Facebook: What’s Your xCount?

 

Ah, prom night: the source of many exes.

Ah, prom night: the source of many exes.

Ah, Facebook: the place where the past meets present, sometimes with jarring results.  Childhood friends, recent colleagues and family members mingle in a “worlds collide” sort of way.  It’s a fascinating social experiment.

 

I was chatting with a Facebook friend/colleague recently when he asked me, “What’s your xCount?”  This was his own personal term — one that I must admit that I love — for the exes that have crawled out of the woodwork and once again made themselves part of your life.  

I scanned my list of friends.  ”I’ve got two… and a half,” I told him.  He told me that you can’t count anyone as a half, but I think that a prom date who appeared in pictures but actually spent the night sitting in the lobby outside the hotel ballroom qualifies as something less than a full xCount point.  And believe me, after that fiasco at 17, I was thoroughly shocked to see that he wanted to connect with me.

He had four full-fledged exes on his list, not including one whose request he rejected outright.  ”Sometimes, the requests are just too creepy.”  Many of my friends agree.  There was the one who was contacted by the guy who stalked her after they broke up.  Another got a request from the girlfriend who had certain… uh… shall we call them “unique” sexual proclivities?  And what about that guy you hooked up with after the frat party sophomore year?  From first loves to major heartbreaks, they’re all out there, and they just might be looking for you.

 

Whos in my inbox? I cant bring myself to look.

Who's in my inbox? I can't bring myself to look.

 

 

What prompts exes to want to get in touch again, especially those that you haven’t spoken to in a decade or more?  As for mine, I still have a good relationship — albeit separated by time and distance — with one of them, and accepted the second just out of a ridiculous sense of curiosity.  You know the kind.  They’re the ones whose request is met with audible talking back to the computer.  ”Oh my god, John Doe?  How the hell did he find me?”  These requests are met with a connection, a few obligatory messages back and forth, and the obligatory Googling of their name to figure out what they’ve been doing since the 90s.

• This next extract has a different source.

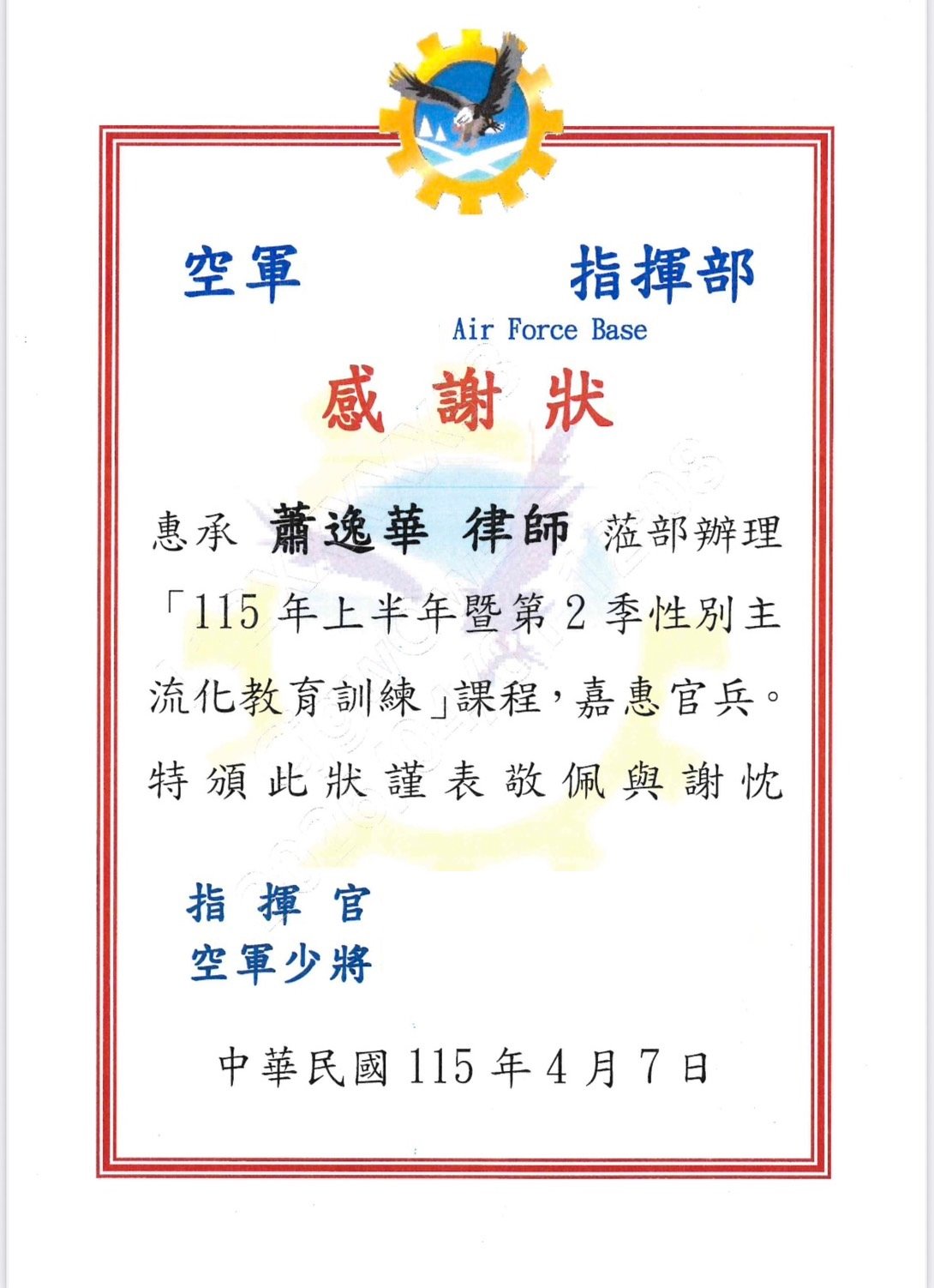 實績案例 Greenstone Law Firm 22.本所蕭律師於115年4月7日獲邀至空軍指揮部講授「性別主流化教育訓練課程」,提供國軍官兵最新的性平法法律知識。 本所蕭律師於115年4月7日獲邀至空軍指揮部講授「性別主流化教育訓練課程」,提供國軍官兵最新的性平法法律知識。 返回列表
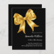 En klassisk svart bakgrund, dekorerad med en stor gyllene båge. Anpassa och lägg till information om namn och party. 1 lakan = 1 inbjudan tryckt kant till kant.

His story was slightly different.  He had one with fond memories who had sent the occasional Christmas card, one who had been a complete WTF entry, and two who were clearly taking Google stalking to the next level.  ”I don’t mind connecting with them,” he said, “but it’s a little weird that they have to respond to everything I post, as though they’re spending their days just waiting for me to update my status.”  Weird, indeed.

It seems that nearly everyone has an xCount greater than zero.  An informal survey of friends reveals xCount numbers between 3 and 9, each bringing varying levels of discomfort and baggage with them.  One, however, through the benefits of a new married surname and a move to a new continent has managed to avoid the xCount concept altogether, and was stunned to learn that I had an xCount.  

“I mean it’s lovely that they want to get in touch and it speaks volumes about your effect on their lives ….and yet: eeeeek.  I always wondered if I was crazy/unfriendly for not wanting contact or if the crazies were the ones who did.”

There’s no shortage of posts about this very topic.  This one talks about being the one that’s obsessed with the ex on Facebook.  This one talks about the shock of seeing the photo of the ex appear in the inbox.  Yet another talks about why your ex should never see your Facebook account.

Should you friend exes?  Only you know for sure.  Of course, you could always accept their invitation, learn everything you need to know about them, and then stealthily “unfriend” the person, leaving them to discover your passive-aggressive acceptance and rejection at their leisure.  But does that make you more or less creepy than the creepy ex that you’re trying to avoid?